+++ Data excerpt

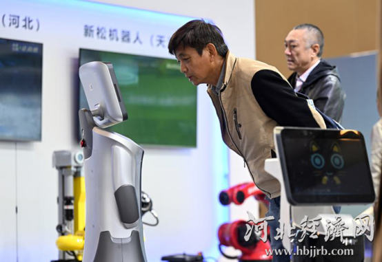 在2024京津冀产业链供应链大会上,与会嘉宾与一款服务机器人互动。
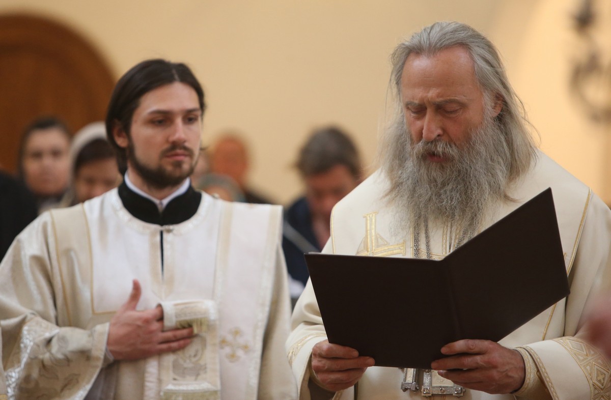 Его Высокопреосвященству сослужили: настоятель храма «Большое Вознесение» у Никитских ворот, секретарь Патриарха Московского и всея Руси по г. Москве протоиерей Владимир Диваков; наместник Николо-Угрешского ставропигиального мужского монастыря игумен Варфоломей (Петров); наместник Высоко-Петровского ставропигиального мужского монастыря Москвы игумен Петр (Еремеев); настоятель келии Святой Анны монастыря Иверон Святой Горы Афон архимандрит Антипа; настоятель храма Воскресения Христова в Кадашах протоиерей Александр Салтыков; настоятель храма Живоначальной Троицы на Грязех у Покровских ворот протоиерей Иоанн Каледа, монастырское духовенство; клирик Благовещенской епархии, прибывший на собеседование в Синодальный отдел по монастырям и монашеству.
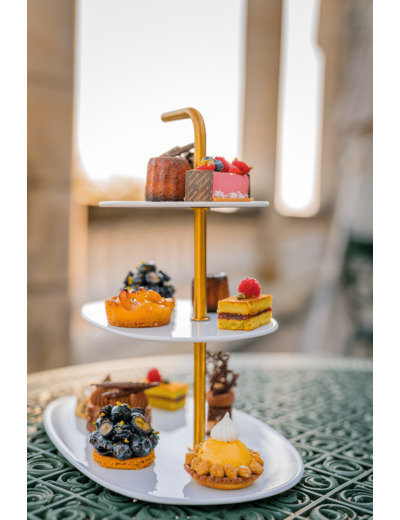 On vous propose une sélection de thés « Palais des thés », cafés ou jus de fruits « Vergers de la Manse » accompagnée d’un assortiment de pâtisseries faites maison par notre chef pâtissier Franck Joly et sa brigade.
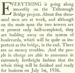 In his “A Reporter at Large” column, Morris Markey sang praises for the Triborough Bridge project, which was making visible progress on the massive public work that commenced in 1930. City officials had dreamed for years about a project that would at once connect Manhattan, Queens and the Bronx, but it wasn’t until the power broker Robert Moses got involved as the Triborough Bridge and Tunnel Authority chairman that things really started to move. Moses biographer Robert Caro wrote that “Triborough was not a bridge so much as a traffic machine, the largest ever built.” A brief excerpt:

++++++

▶ **Work item**:
Everything in the listing should be copied exactly, apart from the images it holds.

▶ **Solution to the exercise**:
 在2024京津冀产业链供应链大会上,与会嘉宾与一款服务机器人互动。
 Его Высокопреосвященству сослужили: настоятель храма «Большое Вознесение» у Никитских ворот, секретарь Патриарха Московского и всея Руси по г. Москве протоиерей Владимир Диваков; наместник Николо-Угрешского ставропигиального мужского монастыря игумен Варфоломей (Петров); наместник Высоко-Петровского ставропигиального мужского монастыря Москвы игумен Петр (Еремеев); настоятель келии Святой Анны монастыря Иверон Святой Горы Афон архимандрит Антипа; настоятель храма Воскресения Христова в Кадашах протоиерей Александр Салтыков; настоятель храма Живоначальной Троицы на Грязех у Покровских ворот протоиерей Иоанн Каледа, монастырское духовенство; клирик Благовещенской епархии, прибывший на собеседование в Синодальный отдел по монастырям и монашеству.
 On vous propose une sélection de thés « Palais des thés », cafés ou jus de fruits « Vergers de la Manse » accompagnée d’un assortiment de pâtisseries faites maison par notre chef pâtissier Franck Joly et sa brigade.
 In his “A Reporter at Large” column, Morris Markey sang praises for the Triborough Bridge project, which was making visible progress on the massive public work that commenced in 1930. City officials had dreamed for years about a project that would at once connect Manhattan, Queens and the Bronx, but it wasn’t until the power broker Robert Moses got involved as the Triborough Bridge and Tunnel Authority chairman that things really started to move. Moses biographer Robert Caro wrote that “Triborough was not a bridge so much as a traffic machine, the largest ever built.” A brief excerpt:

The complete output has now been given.